Octobre 1894  -  Un nouveau Thomas.   -  Le sieur Thomas habite St-Denis-de-Mailloc. Sa petite fille est en pension à Mesnil-Eudes. Etant allé la voir, l'enfant raconta à son  papa, qu’un voisin venait faire des politesses à sa mère pendant qu'il était absent. Thomas, comme son homonyme de l'antiquité, voulut voir pour le croire. Et, au lieu de rentrer le lendemain, il partit le soir même, arriva dans la nuit et trouva Georges Legendre, un voisin en chemise, avec sa femme. Il flanqua le galant à la ponte, en gardant ses vêtements comme pièces à conviction et porta plainte pour adultère. 

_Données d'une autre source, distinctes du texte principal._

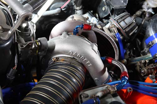 在本車完工之時就已經進行過馬力測試,由馬力測試數具顯示在1.5bar的增壓值下可發揮出457.3hp與54.1kgm的動力表現,之後便將這具渦輪卸下,交由Sumalaya進行渦輪進氣側葉片的升級。原本GT3076R進氣側葉片為56T六葉雙層設計(六大六小),而換裝的鍛造CNC葉片則為58T大小,並採用單層11葉片的設計,且靠近軸心處的厚度更薄,這也就代表葉片的長度更大,因此在同樣的轉速下所能提供的進風量也就較原本的葉片還要來的更多。

Legendre a tout avoué. La femme Thomas a toujours nié, même à l'audience, disant que ayant peur la nuit, elle avait appelé un voisin, mais qu’il avait couché dans un autre lit que le sien. Dans ces conditions, Georges Legendre, 26 ans, s’en est tiré avec quinze jours de prison, et la loi Bérenger mais la femme, Anaïse Thomas, 32 ans, a attrapé deux mois de la même peine, sans la loi Bèrenger. (Source : Le Bonhomme Normand)

 

Novembre 1894  -  Vol audacieux.  -  Des voleurs se sont introduits dans la nuit de mercredi chez M. Vital Lecomte, propriétaire au Mesnil-Eudes. Ils ont enlevé un coffre-fort du poids de 100 kilogrammes qu'ils ont transporté dans un pressoir se trouvant au milieu d'un herbage. N'ayant pu en forcer la serrure, ils l'ont brisé à coups de pince. Ce coffre-fort renfermait une certaine quantité de monnaie et de billets à ordre. Les voleurs ont fait main basse seulement sur le numéraire. Cette première opération terminée, les voleurs sont retournés au chalet et ont pris un billet de la Banque de France qui se trouvait déposé sous une statuette ornant la cheminée, puis ils se sont emparés d'une bonbonne renfermant environ 25 litres d'eau-de-vie de cidre, d'un pot rempli de beurre et de plusieurs lapins. Un chien de garde, qui se trouvait attaché auprès de la maison, n'a donné aucune voix pendant que ces malfaiteurs opéraient. (Source : Le Bonhomme Normand)

 

Juin 1895  -  Vol de bestiaux.  -  Jean Heurtevent, 58 ans, et Eléonore Coquerel, 46 ans, journaliers à Manerbe, ont été arrêtés par la gendarmerie pour vol d'une vache au préjudice de M. Gosset, propriétaire à Mesnil-Eudes

— Une génisse a été volée à M. Léon Ratte, cultivateur à Familly, l'auteur du vol est inconnu. 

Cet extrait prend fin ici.